Status: open / Type of Theses: Master theses / Location: Leipzig
Variational Autoencoders (VAEs) have become a cornerstone of modern representation learning, with the β-VAE variant introducing a tunable weight β to balance the trade-off between reconstruction fidelity and latent space disentanglement. However, the choice of β has a strong impact on the quality of the learned embeddings, and in practice it is often determined by manual tuning or trial-and-error, which is inefficient and may yield suboptimal results. This problem is particularly pronounced in biomedical applications, where latent representations are expected to capture meaningful biological variability while maintaining sufficient reconstruction accuracy.
This thesis will explore one principled strategy for determining and adjusting the β weight, either by (a) deriving upper and lower bounds for reconstruction loss and KL-divergence to estimate meaningful β ranges, or by (b) implementing an adaptive adjustment scheme inspired by ControlVAE (Shao et al., 2020), which dynamically tunes β during training. The chosen approach will serve as the main focus of the thesis, aiming to provide a systematic alternative to manual hyperparameter selection.

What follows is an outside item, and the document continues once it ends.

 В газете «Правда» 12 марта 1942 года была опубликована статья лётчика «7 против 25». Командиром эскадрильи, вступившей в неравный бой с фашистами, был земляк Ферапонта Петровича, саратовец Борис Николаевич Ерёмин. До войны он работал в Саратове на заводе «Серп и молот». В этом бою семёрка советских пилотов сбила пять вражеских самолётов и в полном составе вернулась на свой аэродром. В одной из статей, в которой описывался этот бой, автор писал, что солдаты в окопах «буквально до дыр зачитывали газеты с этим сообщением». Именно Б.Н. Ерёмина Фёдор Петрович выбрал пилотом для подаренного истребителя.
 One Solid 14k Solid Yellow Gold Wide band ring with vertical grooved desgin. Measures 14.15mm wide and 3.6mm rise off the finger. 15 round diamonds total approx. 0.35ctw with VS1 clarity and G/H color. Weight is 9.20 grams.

The implementation will be carried out within the group’s autoencoder framework AUTOENCODIX (https://github.com/jan-forest/autoencodix), which provides a modular infrastructure for training and evaluating autoencoder architectures. The developed method will be benchmarked on biomedical data modalities and integration tasks, assessing both technical performance (e.g. reconstruction error, latent disentanglement, and convergence behavior) and biological relevance of the learned embeddings.

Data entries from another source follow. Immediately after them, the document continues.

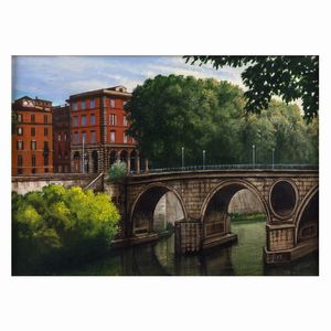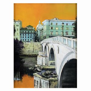 30x40 cm. Roma 1971 Ponte Sisto, 2005, olio su tela, firmato e datato al centro, entro cornice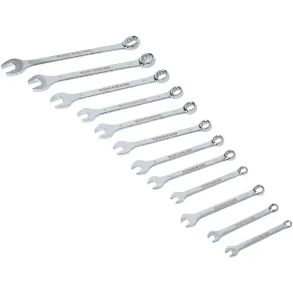Mit diesem 12-teiligen Ringschlüssel-Set von Werckmann bist du für jede Aufgabe gerüstet! Von 6 bis 22 mm hast du immer die richtige Größe zur Hand. Hergestellt aus robustem Cr-V-Stahl und ordentlich in einem praktischen Halter organisiert.
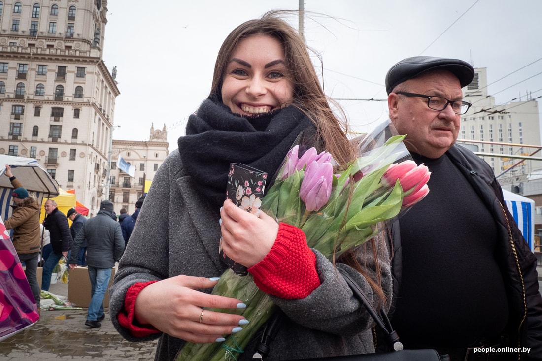 В предпраздничном Минске очень тяжело остаться без подарка. Продавцам такой достался от погоды. Можно пытаться удержать цветы на столе, но все равно проиграешь — ветер категорически настроен разнести палатки. Это нестрашно: товар почти раскуплен. Значит, выходные обещают много довольных женщин. Теперь можно уходить на законный отдых со спокойной душой.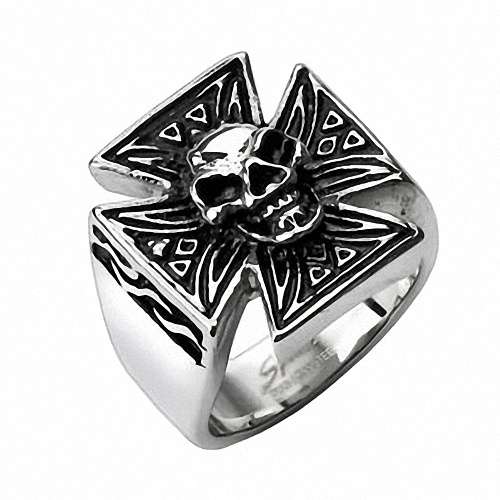 Biker Ring Totenkopf auf Eisernes Kreuz Rocker Siegelring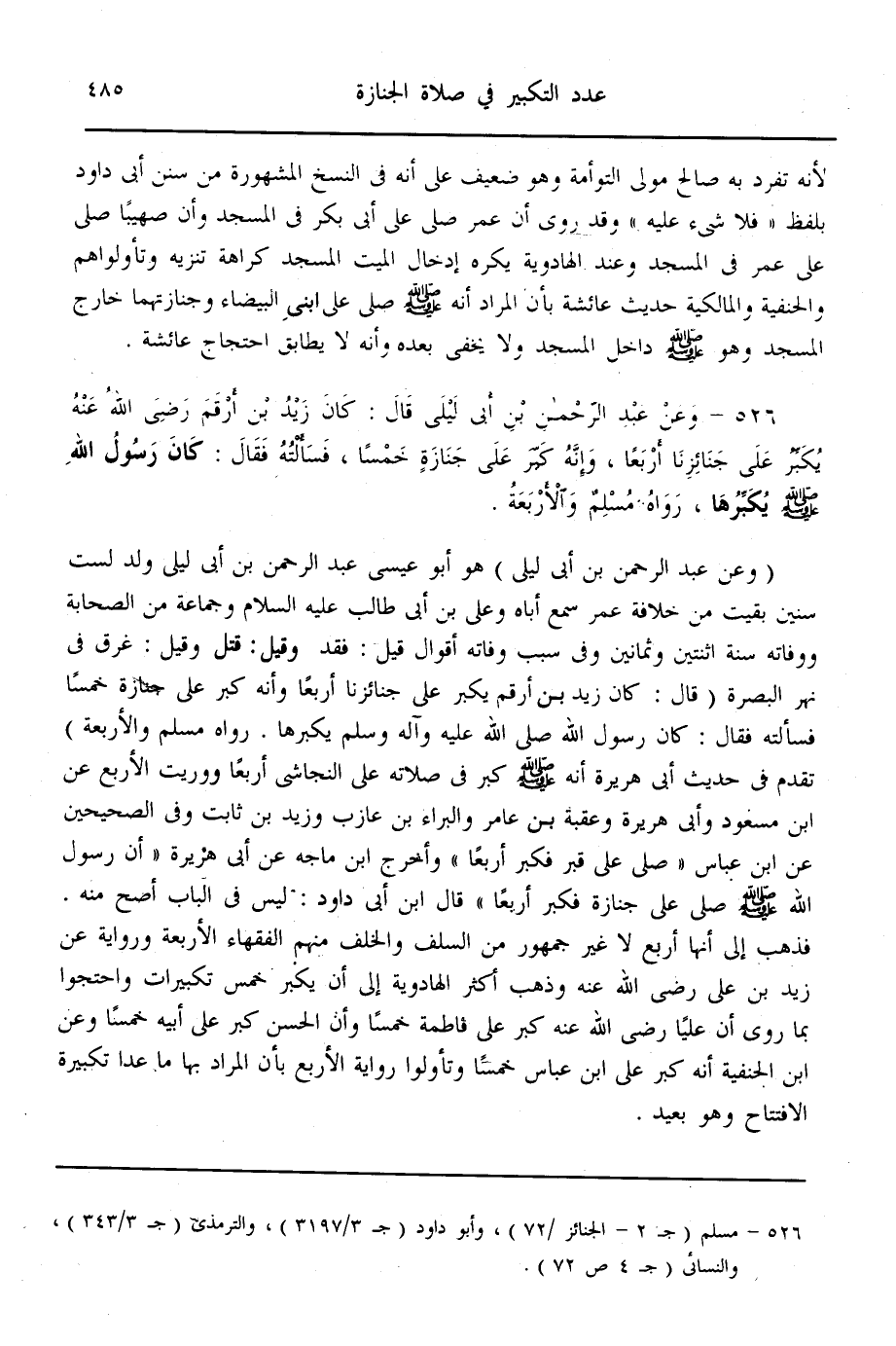 (526) - وَعَنْ عَبْدِ الرَّحْمَنِ بْنِ أَبِي لَيْلَى قَالَ: «كَانَ زَيْدُ بْنُ أَرْقَمَ - رَضِيَ اللَّهُ عَنْهُ - يُكَبِّرُ عَلَى جَنَائِزِنَا أَرْبَعًا، وَأَنَّهُ كَبَّرَ عَلَى جِنَازَةٍ خَمْسًا، فَسَأَلْته فَقَالَ: كَانَ رَسُولُ اللَّهِ - صَلَّى اللَّهُ عَلَيْهِ وَسَلَّمَ - يُكَبِّرُهَا» رَوَاهُ مُسْلِمٌ وَالْأَرْبَعَةُ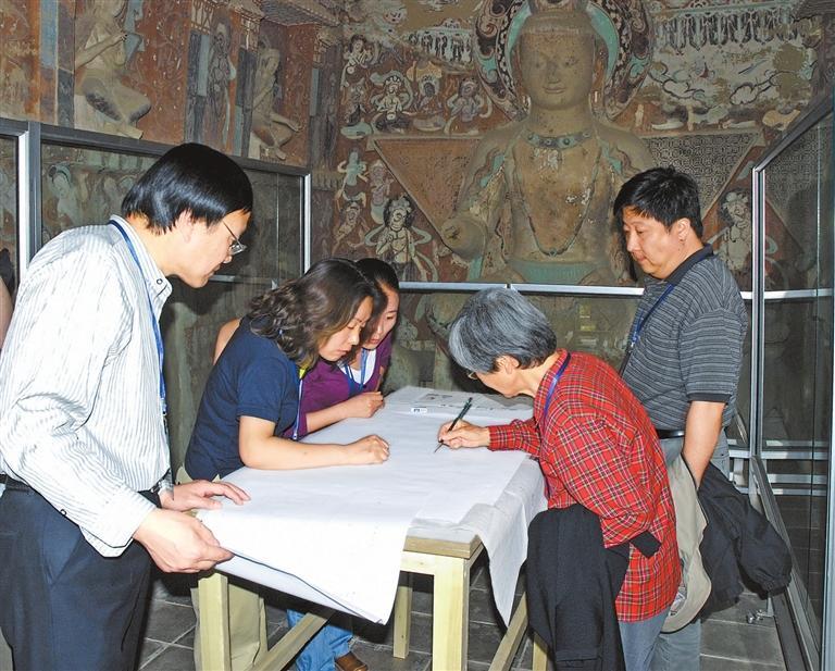 2007年,為石窟考古報(bào)告評(píng)議手工測繪圖。 本版圖片除署名外均由敦煌研究院提供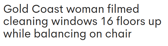 该女子在黄金海岸Peninsula Building的高层公寓擦窗时,危险地站在一把椅子上保持平衡。这段由一位邻居拍摄并发布在网上的视频显示,该女子平静地站在窗外窗台上的椅子上,向外喷洒清洁剂并擦拭窗玻璃。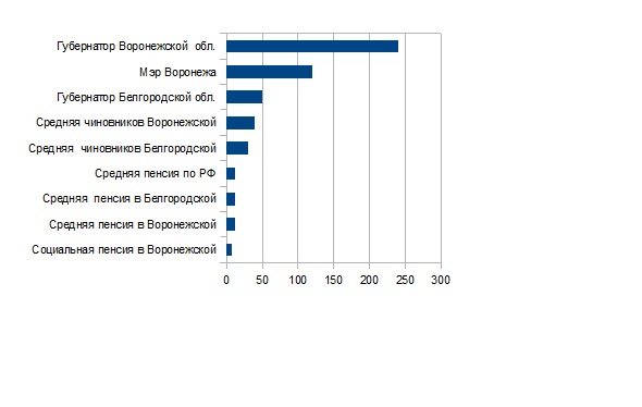 Для сравнения: средняя пенсия по области составила в 2014 году лишь 40% (10 тыс руб) от средней областной зарплаты. А средняя областная зарплата (24 тыс руб) в 2,1 раза ниже средней зарплаты воронежского чиновника из исполнительной власти.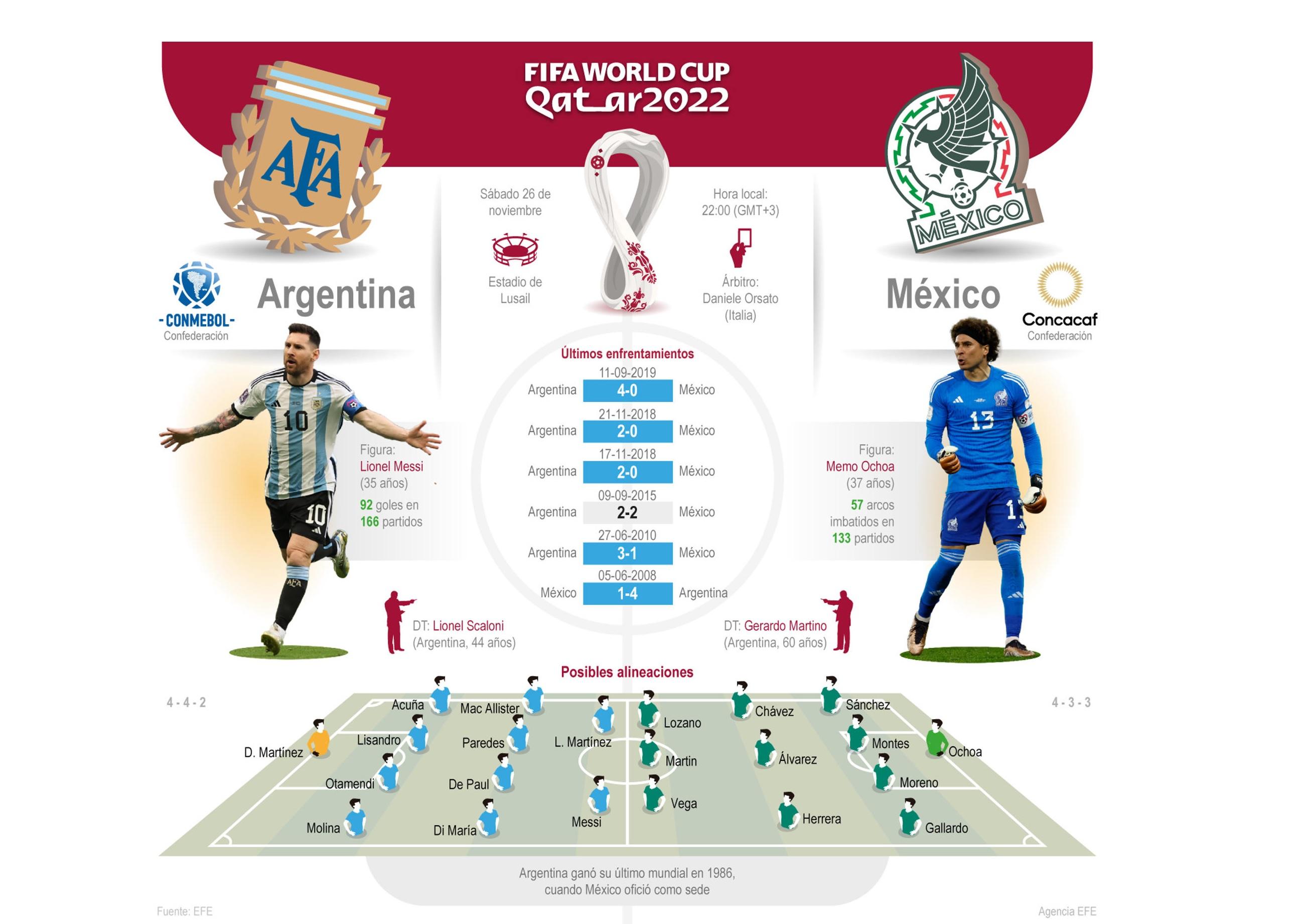 Doha. Argentina y México, dos viejos conocidos, encaran este sábado sus intereses en un duelo clave para el futuro de ambos en Qatar 2022, prematuro, en plena fase de grupos, desviado de su previsión inicial por los inesperados resultados obtenidos en los primeros partidos.

This work will contribute to making β-VAEs more robust and user-friendly for biomedical applications, reducing reliance on manual tuning and enabling more principled exploration of latent representations in complex datasets.
Student profile: Master Mathematics/Physics/Data Science/Bioinformatik/Informatik. Thesis requires either prior knowledge of probability measure theory for probabilistic representation learning (VAEs) OR prior experience in PyTorch implementation of neural networks, ideally autoencoders.